KolmogorovSmirnov

Executes a feature-wise Kolmogorov-Smirnov test to evaluate alignment with normal distribution in datasets.

Purpose: This metric employs the Kolmogorov-Smirnov (KS) test to evaluate the distribution of a dataset’s features. It specifically gauges whether the data from each feature aligns with a normal distribution, a common presumption in many statistical methods and machine learning models.

Test Mechanism: This KS test calculates the KS statistic and the corresponding p-value for each column in a dataset. It achieves this by contrasting the cumulative distribution function of the dataset’s feature with an ideal normal distribution. Subsequently, a feature-by-feature KS statistic and p-value are stored in a dictionary. The specific threshold p-value (the value below which we reject the hypothesis that the data is drawn from a normal distribution) is not firmly set within this implementation, allowing for definitional flexibility depending on the specific application.

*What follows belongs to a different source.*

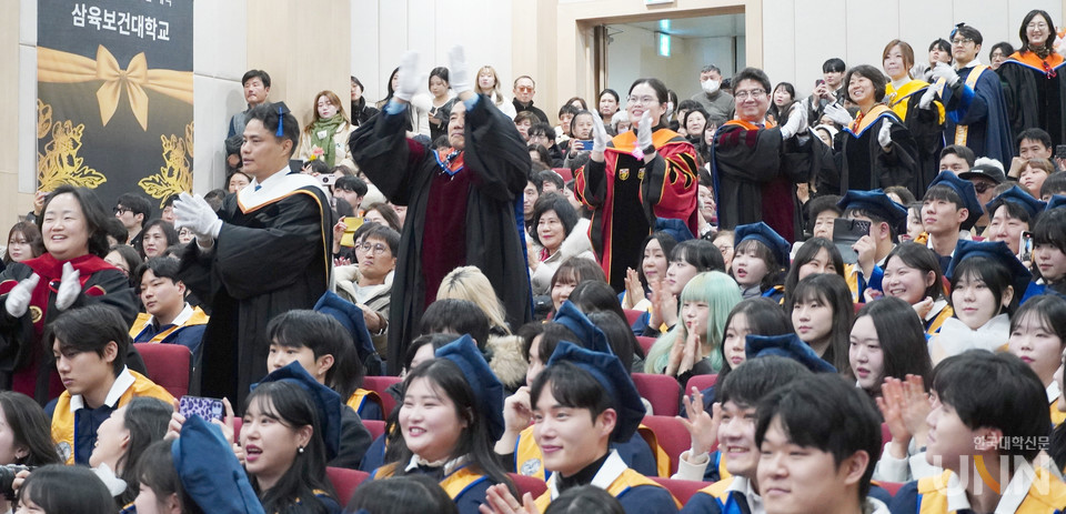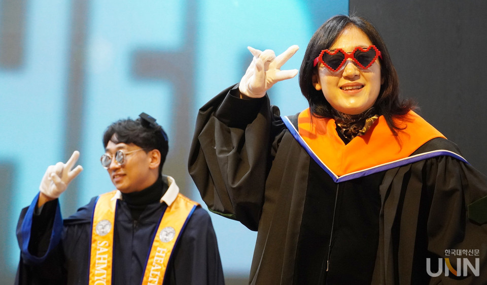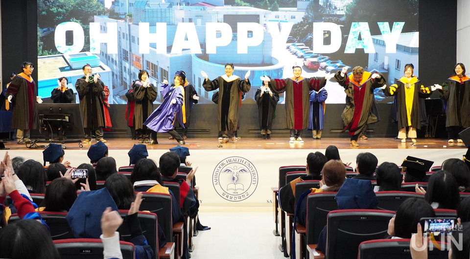 삼육보건대학교 학위수여식이 열린 12일 교내 대강당은 일순간 공연장이 됐다. 박주희 총장과 김예진 부총장을 비롯해 20여 명의 교수들이 학위수여식 마지막 순서에 '교수 공연'을 했다.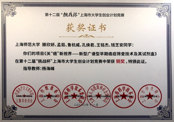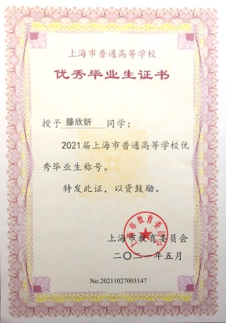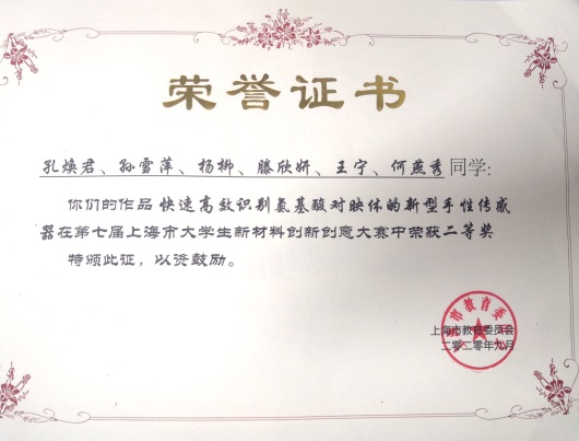 于是,滕欣妍与团队成员一起,在疫情期间报名参赛,最终斩获第六届中国国际“互联网+”大学生创新创业大赛上海赛区银奖、铜奖,第七届上海市大学生新材料创新创意大赛二等奖、第十二届“挑战杯”上海市大学生创业计划竞赛铜奖,第十八届上海市百万青少年争创“明日科技之星”评选活动暨上汽教育杯上海市高校学生科技创新作品展示评优三等奖等成绩。

Signs of High Risk: - Elevated KS statistic for a feature combined with a low p-value. This suggests a significant divergence between the feature’s distribution and a normal one. - Features with notable deviations. These could create problems if the applicable model makes assumptions about normal data distribution, thereby representing a risk.

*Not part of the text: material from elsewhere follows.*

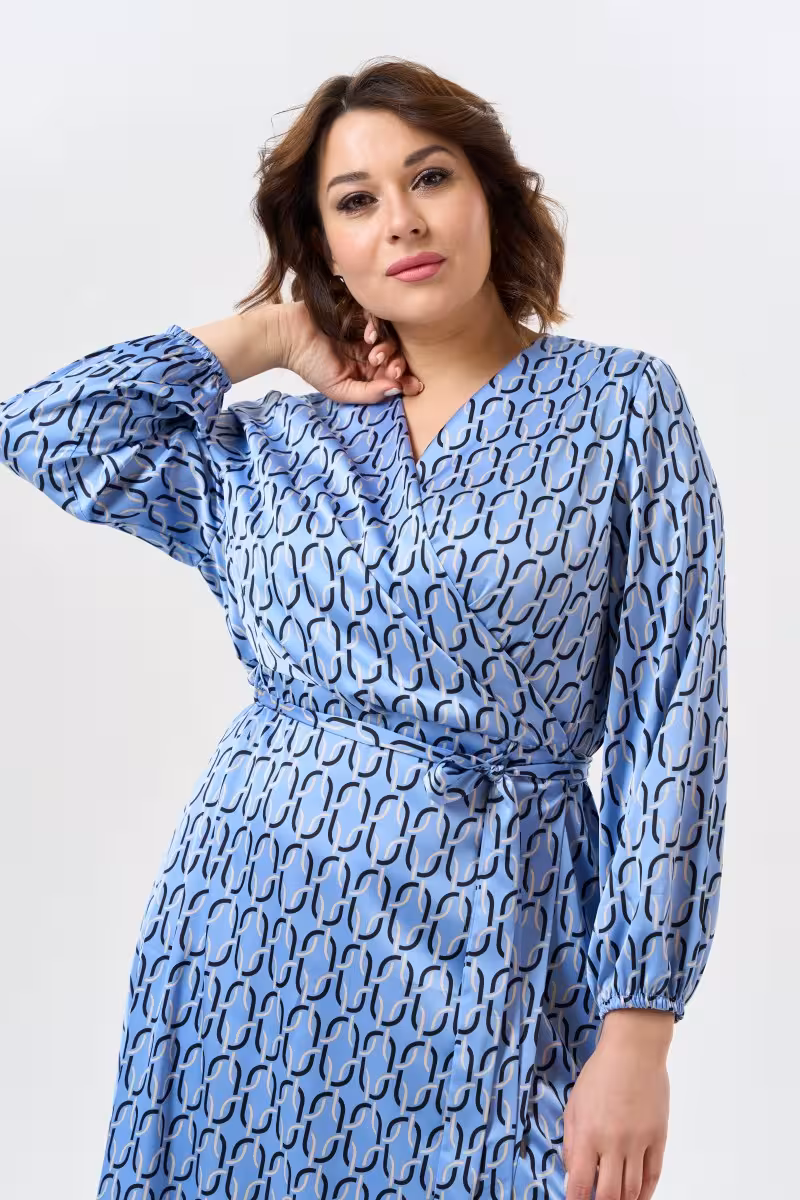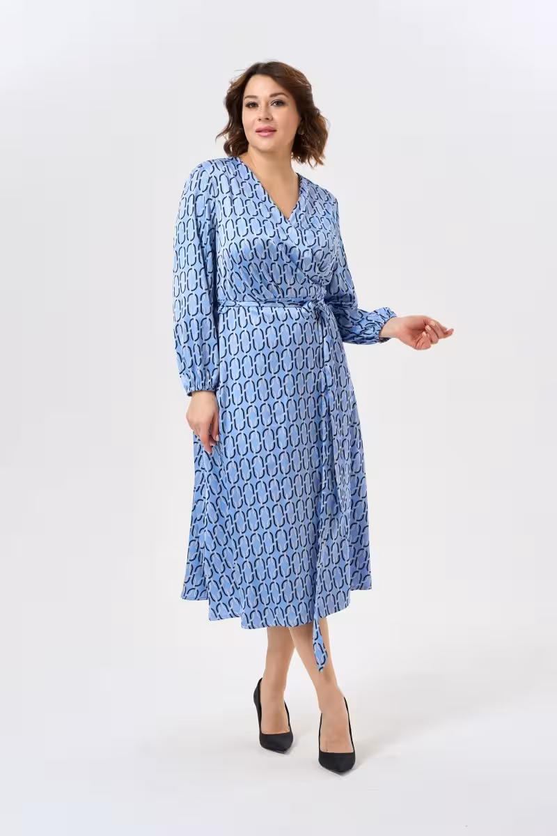 Это платье воплощает классику женственности в современной интерпретации. Силуэт на запах создает идеальные пропорции визуально подчеркивая талию и скрывая особенности фигуры. Пояс завязывающийся чуть выше естественной линии талии позволяет регулировать посадку под настроение дня.Расклешенная юбка струится при ходьбе создавая эффект легкости и грации. Длинные рукава собраны внизу на мягкую резинку что добавляет романтичности образу и защищает от прохладного ветра. V-образный вырез удлиняет шею и открывает зону декольте в элегантной манере.Синий принт делает платье универсальным спутником для праздничных событий. Подходит для семейных торжеств корпоративных вечеринок или романтических свиданий. Качественная ткань держит форму в течение всего дня и комфортна при носке.Сочетается с классическими лодочками для официальных случаев или ботильонами для более современного образа. Размерный ряд учитывает особенности разных типов фигур.

Strengths: - The KS test is acutely sensitive to differences in the location and shape of the empirical cumulative distribution functions of two samples. - It is non-parametric and does not presuppose any specific data distribution, making it adaptable to a range of datasets. - With its focus on individual features, it offers detailed insights into data distribution.

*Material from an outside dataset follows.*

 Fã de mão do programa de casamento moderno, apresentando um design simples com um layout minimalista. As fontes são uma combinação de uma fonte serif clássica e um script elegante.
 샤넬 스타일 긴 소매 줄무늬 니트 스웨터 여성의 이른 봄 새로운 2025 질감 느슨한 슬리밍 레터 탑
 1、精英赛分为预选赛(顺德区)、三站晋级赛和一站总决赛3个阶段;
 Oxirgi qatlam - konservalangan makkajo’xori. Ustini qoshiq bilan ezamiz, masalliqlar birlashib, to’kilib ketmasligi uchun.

Limitations: - The sensitivity of the KS test to disparities in data distribution tails can be excessive. Such sensitivity might prompt false alarms about non-normal distributions, particularly in situations where these tail tendencies are irrelevant to the model. - It could become less effective when applied to multivariate distributions, considering that it’s primarily configured for univariate distributions. - As a goodness-of-fit test, the KS test does not identify specific types of non-normality, such as skewness or kurtosis, that could directly impact model fitting.